[RECORDS SHOWN Boundary: Start]
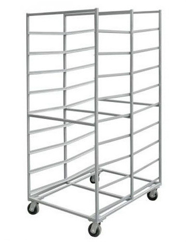 Профессиональное кухонное оборудование изготавливается из профильной трубы. 2-секционная конструкция оснащается направляющими из нержавеющего металла. Боковые стенки изделия представлены перекладинами. Хлебные лотки закрепляются на 9-ти уровнях. Поворотные колесные опоры покрываются резиной.
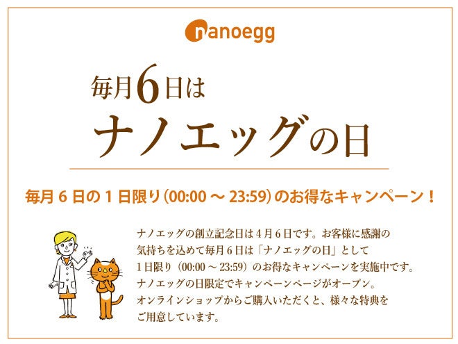 4月6日はナノエッグの創立記念日です。お客様に日頃の感謝の気持ちを込めて、毎月6日を1日限定のお得なキャンペーンの日といたします。対象日にオンラインショップでお買い上げの方にプレゼントなど特典をご用意しています。キャンペーンページは毎月6日にオンラインショップからご確認いただけます。お得な機会をお見逃しなく。
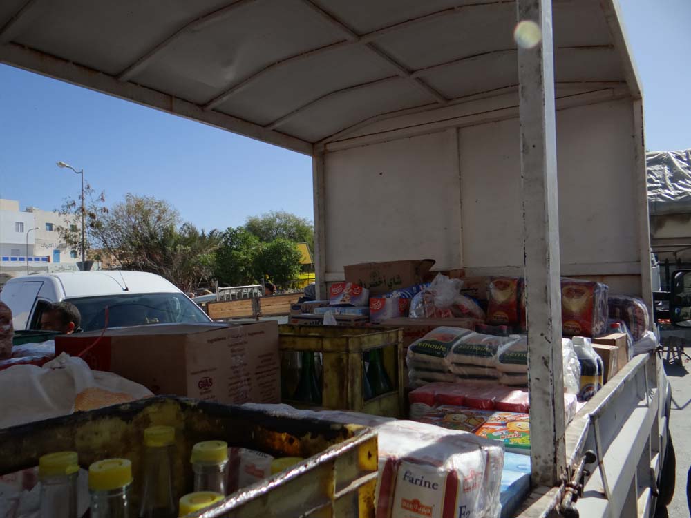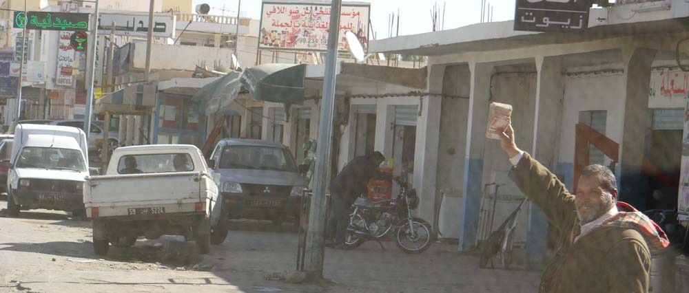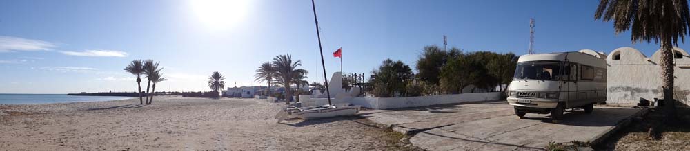 Dave the motorhome has one flippin’ lovely spot overlooking a palm-shaded white sand beach at Centre des Stages et Vacances, Aghir, on the Isle of Jerba, Tunisia (N33.75751 E11.01483). For a while we had the place to ourselves, but are now being entertained by a small storm of nippers legging it around on a treasure hunt. Charlie popped his head out of the door earlier as they all pegged it in our direction, maybe thinking there’s some treasure in here, sending them scattering in fear. It feels great to be here, an oasis of calm and only 16TD a night (about €8). We lost count of the police road blocks we passed today. Maybe seven, none were stopping anyone.
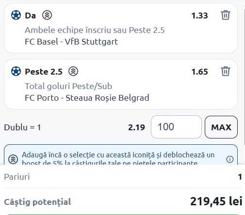Biletul lui ERC ne poate dubla azi miza jucată! Acesta a fost format cu pronosticuri pentru dueluri din Europa League.
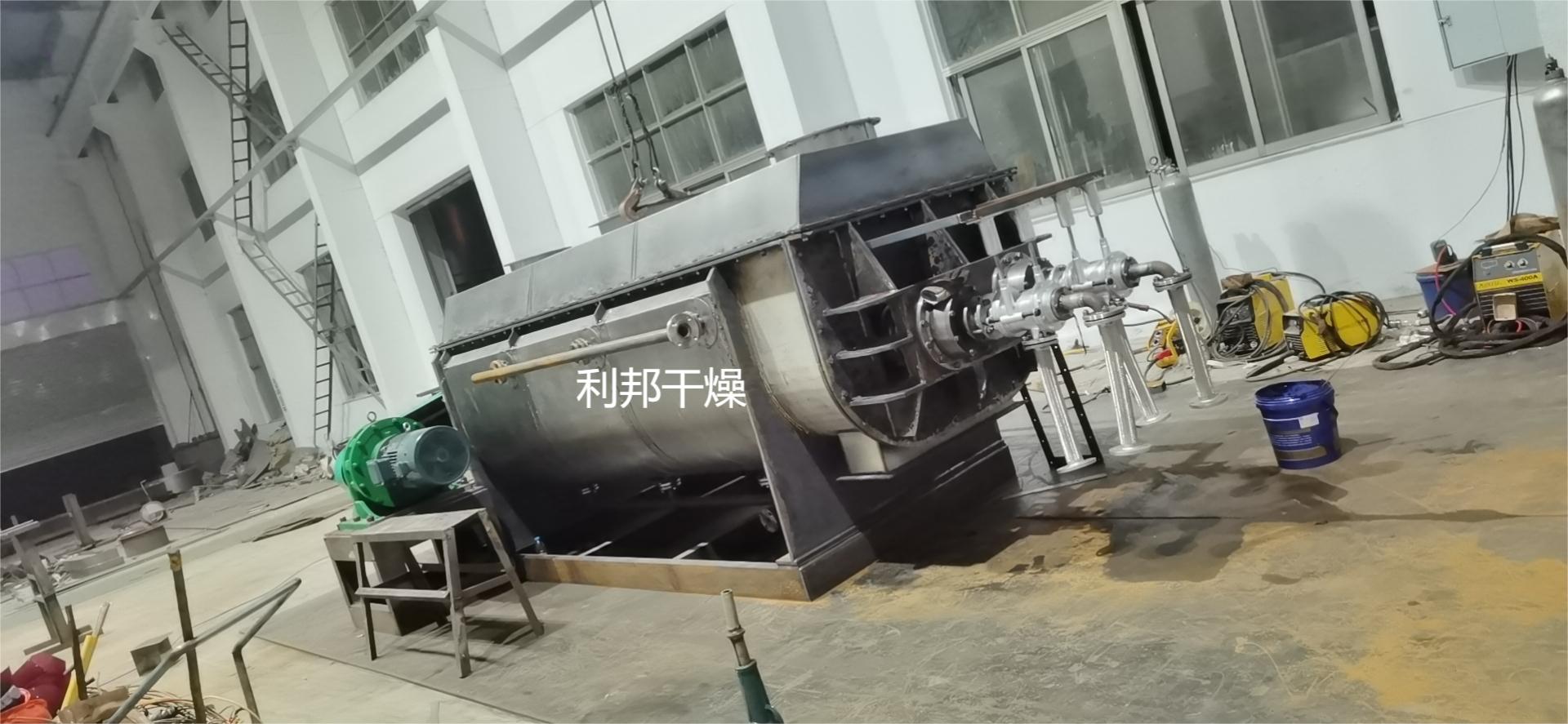 空心軸上密集排列著楔型中空漿葉,熱介質(zhì)經(jīng)空心軸流經(jīng)漿葉。單位有效容積內(nèi)傳熱面積很大,熱介質(zhì)溫度從-40℃到320℃,可以是水蒸汽,也可以是液體型:如熱水、導(dǎo)熱油等。間接傳導(dǎo)加熱,沒有攜帶空氣帶走熱量,熱量均用來加熱物料。熱量損失僅為通過器體保溫層向環(huán)境的散熱。楔型漿葉傳熱面具有自清潔功能。物料顆粒與楔型面的相對(duì)運(yùn)動(dòng)產(chǎn)生洗刷作用,能夠洗刷掉楔型面上附著物料,使運(yùn)轉(zhuǎn)中一直保持著清潔的傳熱面。漿葉干燥機(jī)的殼體為Ω型,殼體內(nèi)一般安排二到四根空心攪拌軸。殼體有密封端蓋與上蓋,防止物料粉塵外泄而充分發(fā)揮作用。
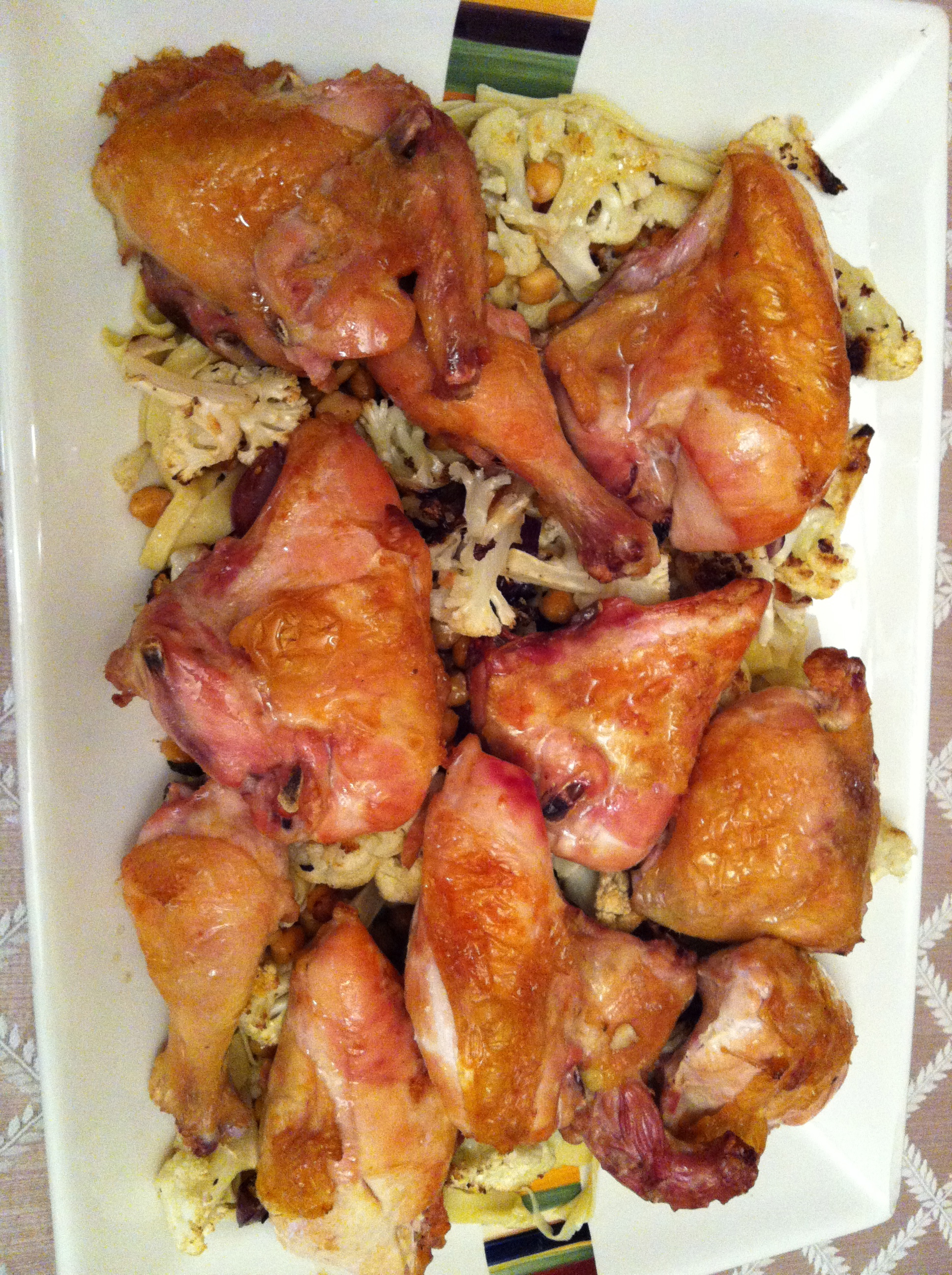 2- Remove chicken from oven and, with tongs, transfer to another rimmed baking sheet along with tomatoes. Add cauliflower, onion, and chickpeas to drippings on first sheet and toss to combine; season with salt and pepper. Roast chicken on upper rack and vegetables on middle rack until chicken is golden and cooked through and cauliflower is tender when pierced with a knife, about 30 minutes. Transfer chicken and vegetables to a serving dish and serve immediately.
[RECORDS SHOWN Boundary: End]
BRIEF:
Write out exactly the lines above, from the very first through the line containing "4月6日はナノエッグの創立記", both kept, with the pictures removed.

EXERCISE SOLUTION:
 Профессиональное кухонное оборудование изготавливается из профильной трубы. 2-секционная конструкция оснащается направляющими из нержавеющего металла. Боковые стенки изделия представлены перекладинами. Хлебные лотки закрепляются на 9-ти уровнях. Поворотные колесные опоры покрываются резиной.
 4月6日はナノエッグの創立記念日です。お客様に日頃の感謝の気持ちを込めて、毎月6日を1日限定のお得なキャンペーンの日といたします。対象日にオンラインショップでお買い上げの方にプレゼントなど特典をご用意しています。キャンペーンページは毎月6日にオンラインショップからご確認いただけます。お得な機会をお見逃しなく。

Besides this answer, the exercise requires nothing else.